Recognising that different people have different responsibilities that create additional burdens and fire risks is key. While women and girls most often interact with fuel for cooking and can easily be present when a fire starts, many young men feel an expectation that they have the physical capabilities to stop the fire from spreading by tearing the shelter down, or are perceived as being able to fight the fire. Aside from the obvious burden and additional risk that this places on some men, this expectation can also determine access to fire safety knowledge. When educational activities about responding to fire are only directed at able-bodied (younger) men, all other people in a settlement are more at risk – this includes women, girls, people with disabilities, different age groups. Where some men are seen as the custodians of knowledge about fire response and prevention, all capacity to respond leaves the settlement the moment they do.

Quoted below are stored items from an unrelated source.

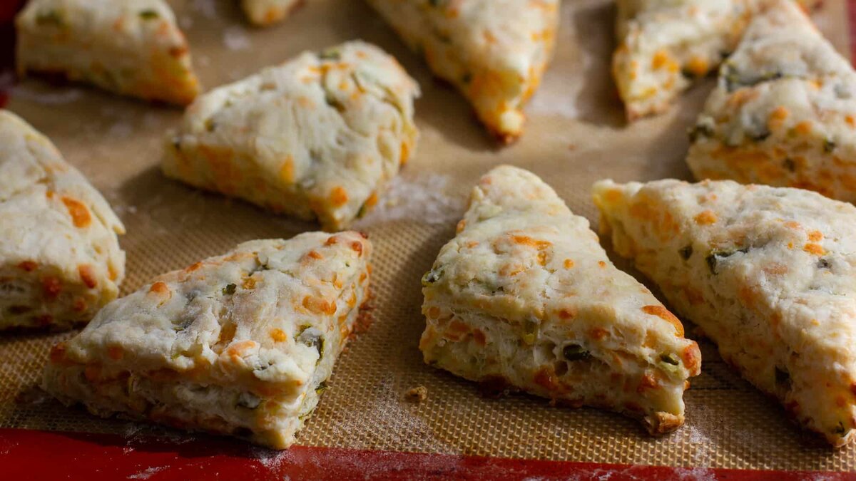 Добавьте холодное сливочное масло в миску и с помощью кондитерского блендера измельчите сливочное масло в муку. Продолжайте до получения рассыпчатой консистенции. Добавьте тертый копченый сыр чеддер и измельченный маринованный перец халапеньо.
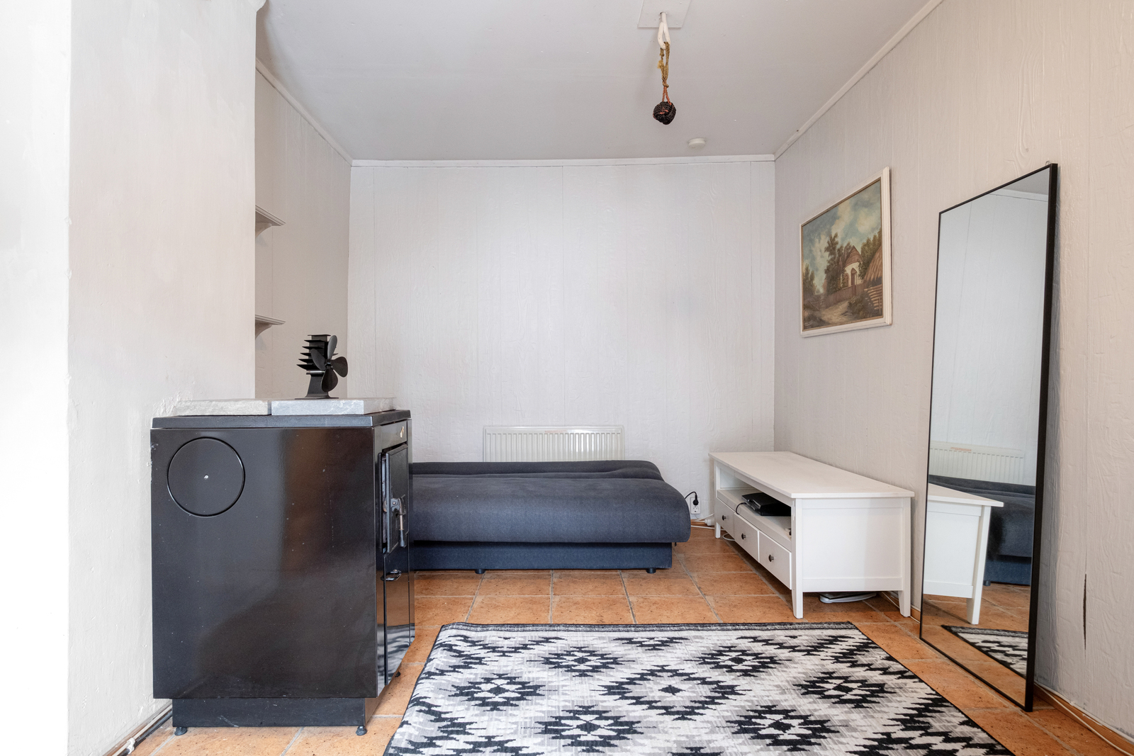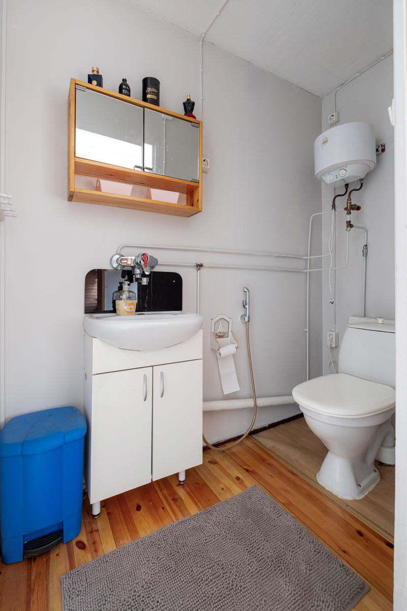 Köket i hemmet charmar med sin praktiska utformning. Det finns gott om förvaringsutrymme, och vardagen underlättas av ett separat frukostskåp samt en stämningsfull vedspis. Det rymliga vardagsrummet fungerar som hemmets hjärta, där en öppen spis och en luftvärmepump bidrar till både komfort och energieffektivitet året runt.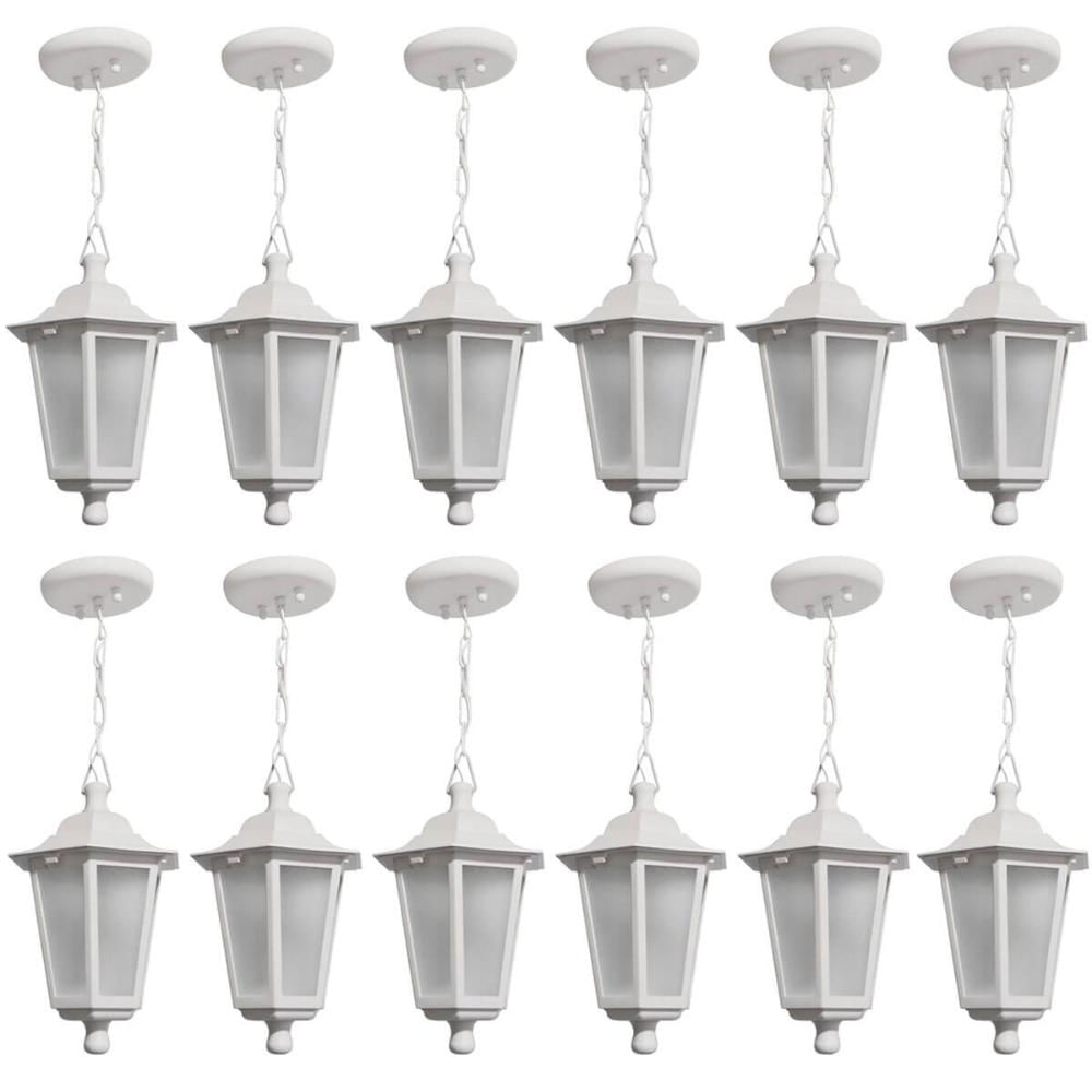 Conjunto 12 Pendentes de Teto Coloniais Luminárias Externas Gregas Brancas 58cm Dital

For individuals and households with any additional need (be it physical, mental or age related) or experiencing any form of social exclusion or discrimination, the possibilities for recovery from fire – emotionally and financially – diminish. Social networks are key. Therefore, where fire safety messaging is delivered as part of community-wide ‘sensitisation’ (for example in leaflets or posters), recognition is also needed of how different people experience life within a settlement: Who is included in educational programmes and why and therefore who is excluded? How do cultural and social norms and histories determine what issues are included or excluded? How are different groups’ experiences represented in materials, in languages and images?

Only by recognising every person’s capacity to contribute to the reduction of fire risk is it possible to actually achieve fire safety for all.

1 https://bit.ly/eer11-9

Helen and Laura are researchers and practitioners working on a range of issues related to understanding and responding to fire risk, predominantly in humanitarian and development contexts.